Of course, use of various technologies does require some new knowledge and skills, which may or may not keep the human unstupid enough to be generally capable, especially in the context now modernised by the new technology. I am stupid concerning the operation of telephones and sat navs. But some technologies go beyond merely removing "grunt work" to supplant nearly the whole human understanding of something.

Another poster mentions electronic calculators and navigation devices as being better because they're quicker and often more accurate than more human-involved modes of calculating and navigating. The question to ask of this claim is: what if those devices cease to function or become unavailable? If the human brain needing such capabilities is no longer capable of providing them out of itself ......??

*******
In woodworking (and many other human domains of knowledge & skill) there are those who maintain older hand tool techniques because they're "purists" - distrustful of machines in a William Morris kind of way.
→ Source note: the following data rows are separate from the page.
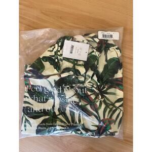 The Andie Waikiki swim cover is a multicolor cover-up designed for women, featuring a tropical palm leaf pattern. Made from eco-friendly recycled nylon and spandex, it is lightweight and breathable, perfect for beach or tropical vacations. The coverup can be worn as a halter or bandeau and can be ruched at the bust. This regular size S cover-up requires hand washing. It is new with tags.
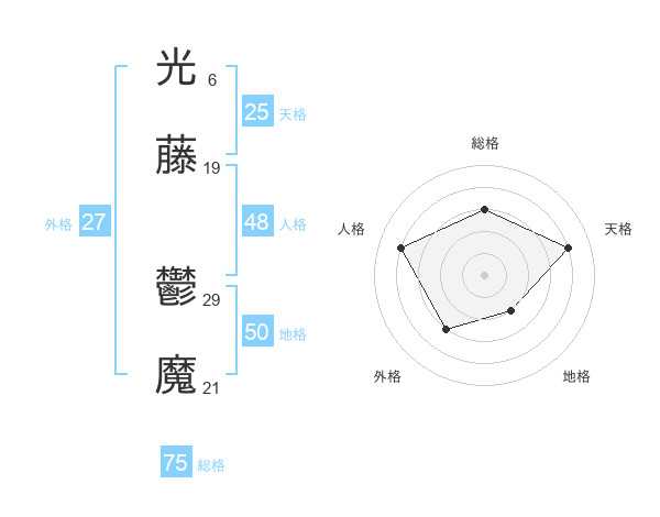光藤 鬱魔さんを姓名の画数から五運を鑑定
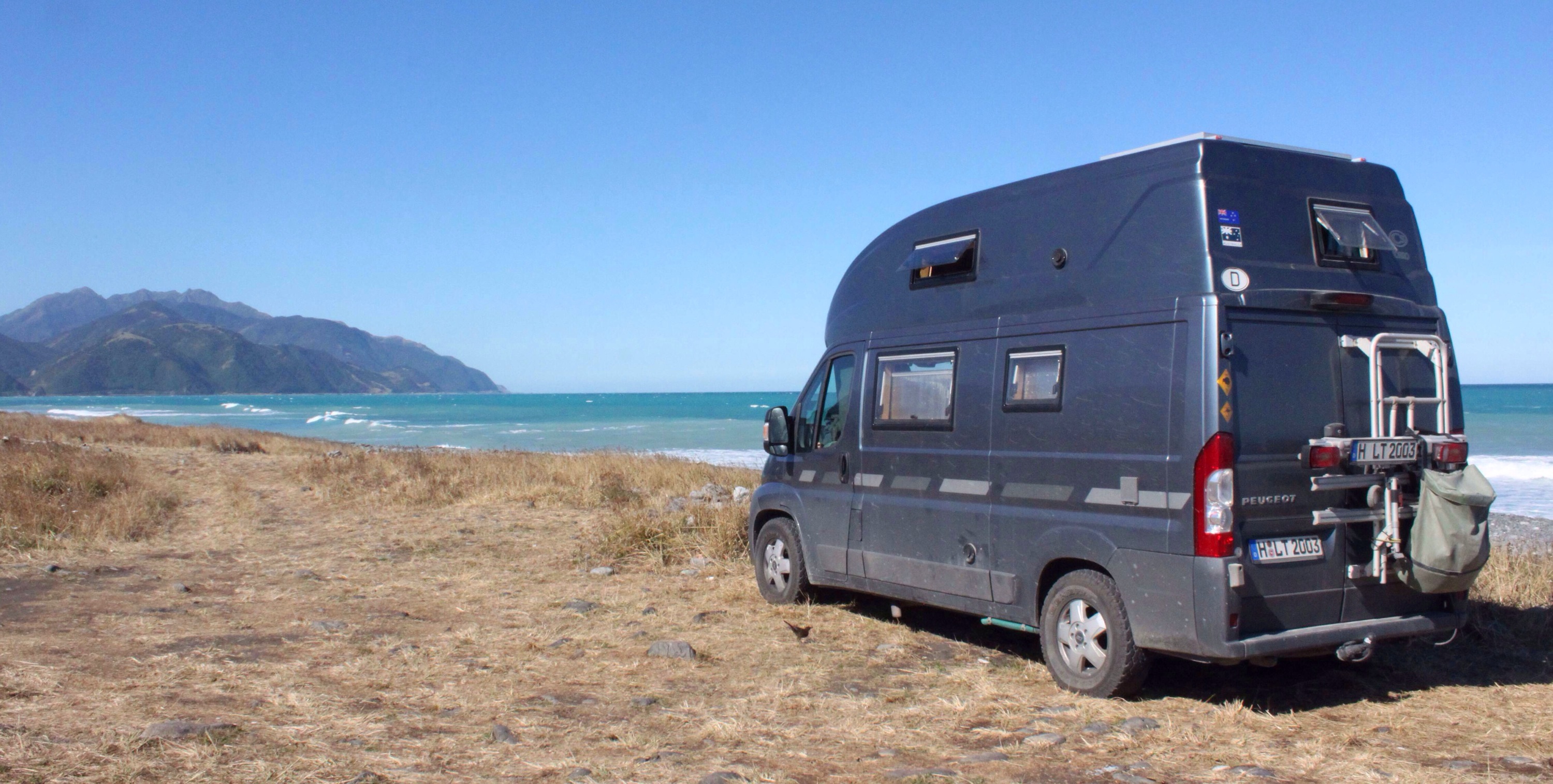 Nach einem schnellen Frühstück fahren wir zum Fähranleger. Wir müssen spätestens um 7.30 Uhr dort sein und machen uns frühzeitig auf den Weg, da wir mit Staus wegen des Berufsverkehrs rechnen. Wider Erwarten wirkt die Stadt beinahe wie ausgestorben, was unseren Eindruck von gestern bestätigt. In Auckland, der „Möchte-gern-Hauptstadt“ sah das ganz anders aus, dort waren immer mehrere Staus, egal wann wir unterwegs waren. Also sind wir sehr früh an der Fähre, was aber den Vorteil hat, dass wir weit vorne stehen und so nach der sehr ruhigen Überfahrt über die wegen der normalerweise sehr rauen See berüchtigte Cook Strait als eines der ersten Fahrzeuge die Fähre verlassen können. Der erste Weg führt uns zur i-Site, da wir für Henri einen neuen Abwasserschlauch brauchen und dafür einen Händler suchen. Wir bekommen den Tipp, im Homehardwareladen zu fragen. Wir machen einen Stadtbummel und gehen dorthin. Leider bekommen wir keinen Schlauch, aber die Adresse eines Yacht- und Campingausrüsters. Dort bekommen wir dann nicht nur den gewünschten Schlauch, sondern dieser wird vom Verkäufer auch gleich kostenlos angebaut, sogar das angebotene Trinkgeld lehnt er ab… die Hilfsbereitschaft und Freundlichkeit der Menschen hier ist schlicht unglaublich! Nach einem Imbiss am nahen Queen Charlotte Sound machen wir uns auf die Suche nach einem Übernachtungsplatz, natürlich nicht ohne zwischendurch anzuhalten und die wunderschöne Landschaft der Marlborough Sounds zu genießen.

Others still employ some machines for "grunt work" but nevertheless maintain and practice their human skills at achieving the same results with hand tools. Example: flattening, thicknessing and otherwise making a rectilinear plank from a rough chunk of timber; 10 minutes with a machine or half a day with handplanes.
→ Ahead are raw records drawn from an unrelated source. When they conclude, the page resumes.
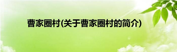 本文关于曹家圈村的简介就讲解完毕,希望对大家有所帮助。
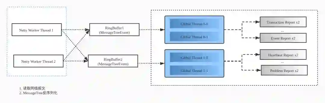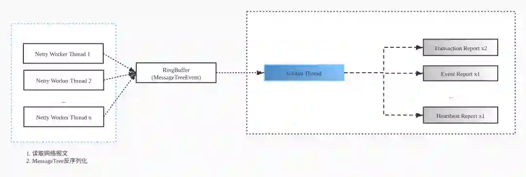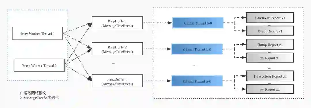 我们挑选了大概 10 个 Analyzer 加入这个大的 RingBuffer 来处理,但无论如何如何增大 buffer 消息丢弃情况还是有点多,特别是较为重要的 Transaction/Problem 等 Analyzer 的消息。
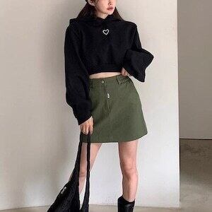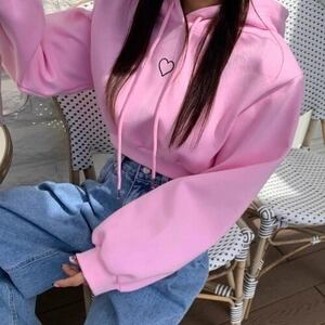 ワンポイントハートパーカー トレーナー ショート丈 ガーリー E623
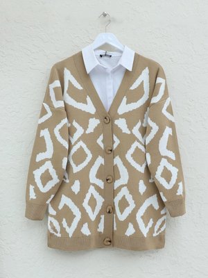 Podyumplus Vizon Düğmeli Desenli V Yaka Triko Hırka
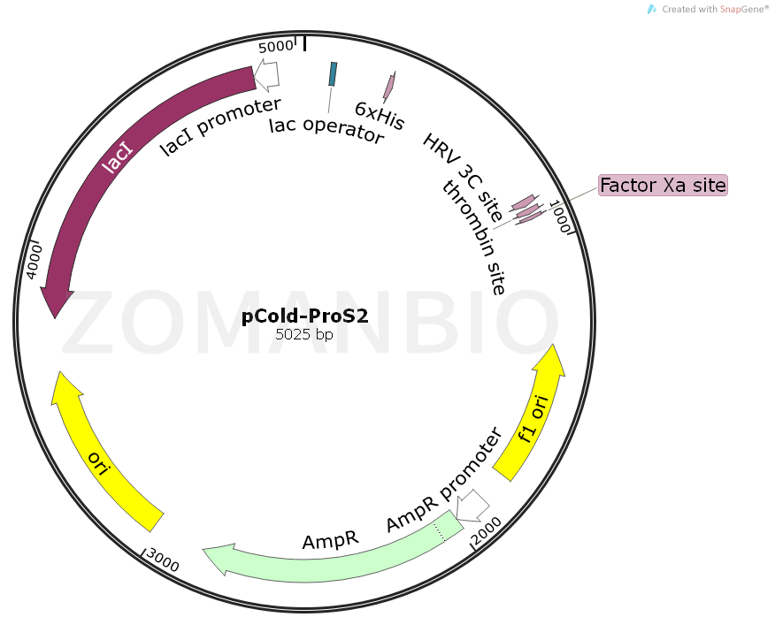 pCold ProS2 DNA 是一種融合的冷休克表達(dá)載體,使用來源于革蘭氏陰性菌Myxococcus xanthus中的Protein S作為可溶性標(biāo)簽。這種Protein S存在于粘細(xì)菌的孢子衣中,由173個氨基酸殘基組成,是一種非常穩(wěn)定的可溶性蛋白質(zhì)。將兩個Protein S的N-末端結(jié)構(gòu)域串聯(lián),再結(jié)合ProS2 Tag的作用,就能使融合目的蛋白的穩(wěn)定性和可溶性得到提高。此外,由于目的蛋白和ProS2-Tag的相互作用性很低,因此可以將二者有效分離。pCold ProS2 DNA Vector在cspA啟動子的下游插入了5’非編碼區(qū)(5’-UTR)、翻譯增強(qiáng)元件(TEE)、His-Tag序列、ProS2-Tag和多克隆位點(diǎn)(MCS)。在ProS2-Tag和多克隆位點(diǎn)(MCS)之間主要是HRV3C Protease、Thrombin和Factor Xa的切斷位點(diǎn),用來消除融合蛋白質(zhì)的標(biāo)簽。此外,在cspA啟動子下游還插入了lac operator,可以嚴(yán)格調(diào)控目的基因的表達(dá)。由于本制品的啟動子是大腸桿菌來源的,所以大部分大腸桿菌都可以作為表達(dá)宿主使用??傊?,pCold ProS2 DNAVector提供的冷休克技術(shù),能夠促進(jìn)蛋白質(zhì)的正確折疊,增加目的蛋白質(zhì)的可溶性,對于一些棘手的目的蛋白質(zhì)的表達(dá)是一個很好的選擇。
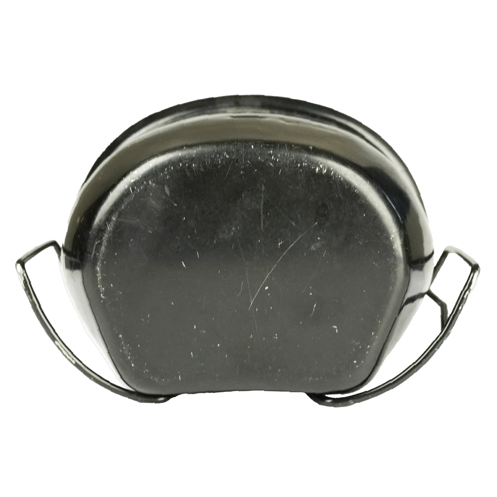 British Army steel canteen cup in used condition. The cup features a blackened exterior with a bare steel interior and is designed to fit around a standard issue canteen.
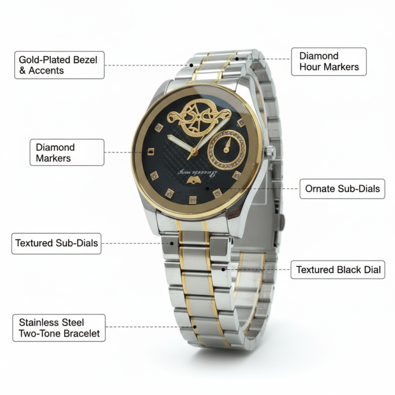 Durable Build: Crafted with a high-quality stainless steel case and a comfortable two-tone (gold and silver) bracelet.
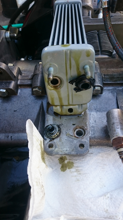 BELOW, LEFT & RIGHT: At about 45 minutes into the run-in process, at a little over 3000 RPM, both oil cooler seals burst! It made a huge mess! Post disaster investigation concluded that it was a time & temperature based failure as both burst within seconds of one another - faster than I could realize what had happened and shut it down! The seals were replaced with aftermarket ones made of better type of material favored by people who run their engines very hot. Note that the vast majority of the oil was already cleaned up by the time these photos were taken! It was positively everywhere!
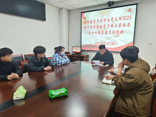 12月1日上午,为严格落实党员发展程序,充分听取党员和群众意见,国际教育学院学生党支部在A04-104党员活动室召开2025年下半年预备党员转正前党内外群众意见座谈会,对李舒等7名预备党员能否按期转正征求意见。会议由学生党支部书记陈博主持,党员代表与群众代表参会。

The hand tool knowledge and skills teach you a great deal about the nature of wood, which you'll never understand if you only ever use a machine. Such intimate knowledge of wood is a great boon when designing and making things that require features of the wood such as strength, look, ability to shaped in more complex ways etc..

A similar consideration applies to all sorts of skills, including mathematical calculations and navigating in a landscape. And much else. It's no good saying that you can check your calculator with a mental process if you can't perform that mental process; no good saying that you can check the sat nav order by doing old fashioned orienteering if you don't have those skills.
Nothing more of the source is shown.